Efficiency bounds for nonequilibrium heat engines

We analyze the efficiency of thermal engines (either quantum or classical) working with a single heat reservoir like an atmosphere. The engine first gets an energy intake, which can be done in an arbitrary nonequilibrium way e.g. combustion of fuel. Then the engine performs the work and returns to the initial state. We distinguish two general classes of engines where the working body first equilibrates within itself and then performs the work (ergodic engine) or when it performs the work before equilibrating (non-ergodic engine). We show that in both cases the second law of thermodynamics limits their efficiency.

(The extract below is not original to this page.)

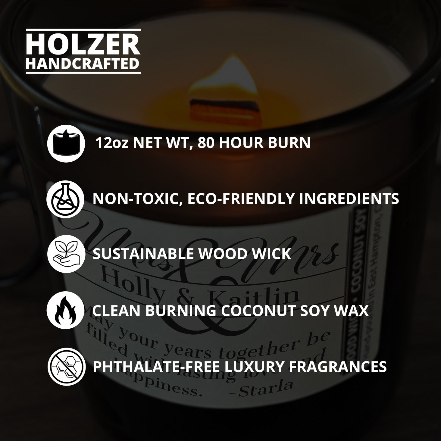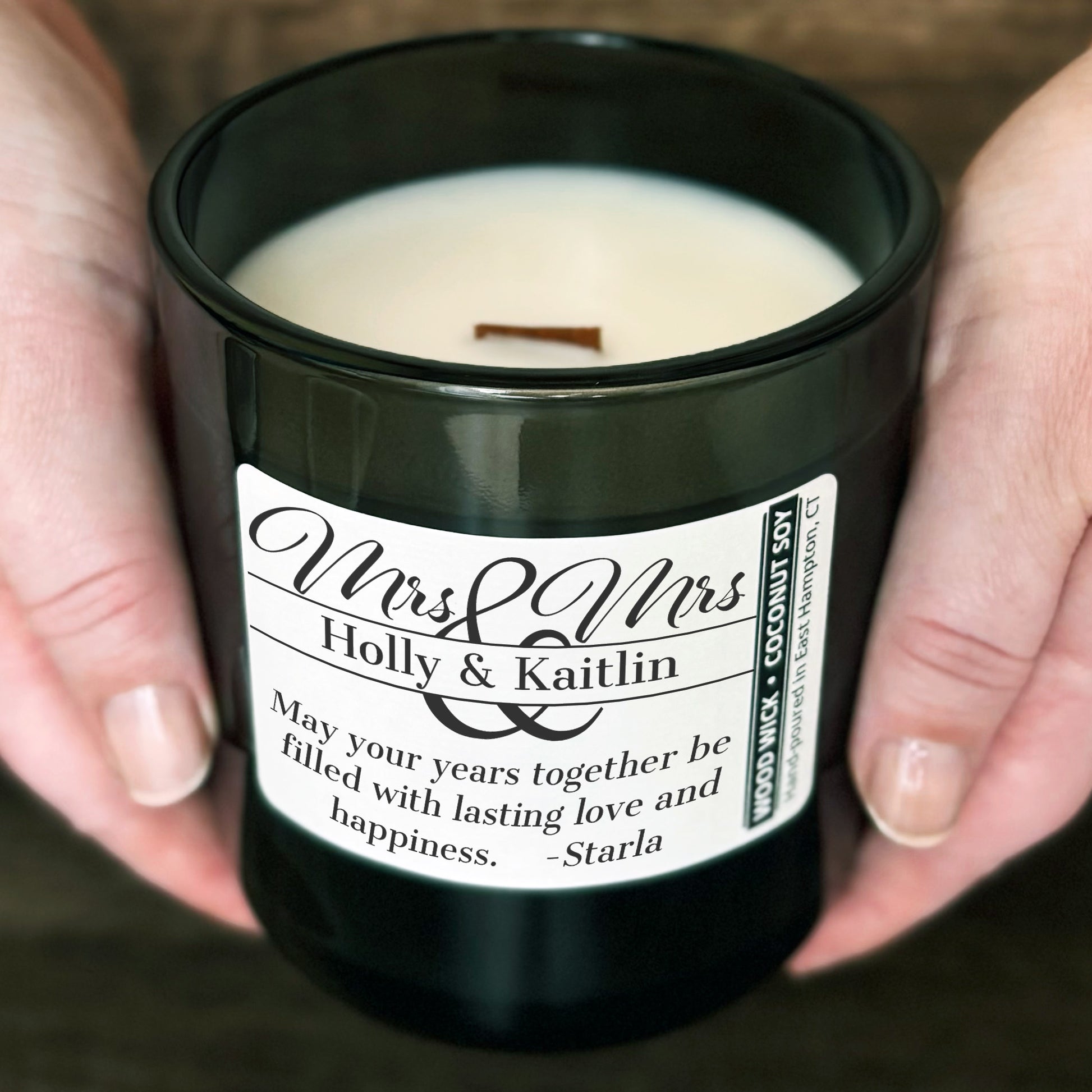 More About Personalized Wood Wick Candle - Custom Mrs & Mrs Wedding Keepsake - 12oz Glass Vessel with Lid

For ergodic engines we find a rigorous upper bound for the efficiency, which is strictly smaller than the equivalent Carnot efficiency. I.e. the Carnot efficiency can be never achieved in single reservoir heat engines. For non-ergodic engines the efficiency can be higher and can exceed the equilibrium Carnot bound. By extending the fundamental thermodynamic relation to nonequilibrium processes, we find a rigorous thermodynamic bound for the efficiency of both ergodic and non-ergodic engines and show that it is given by the relative entropy of the nonequilibrium and initial equilibrium distributions. These results suggest a new general strategy for designing more efficient engines. We illustrate our ideas by using simple examples.

► Derived efficiency bounds for heat engines working with a single reservoir. ► Analyzed both ergodic and non-ergodic engines. ► Showed that non-ergodic engines can be more efficient. ► Extended fundamental thermodynamic relation to arbitrary nonequilibrium processes.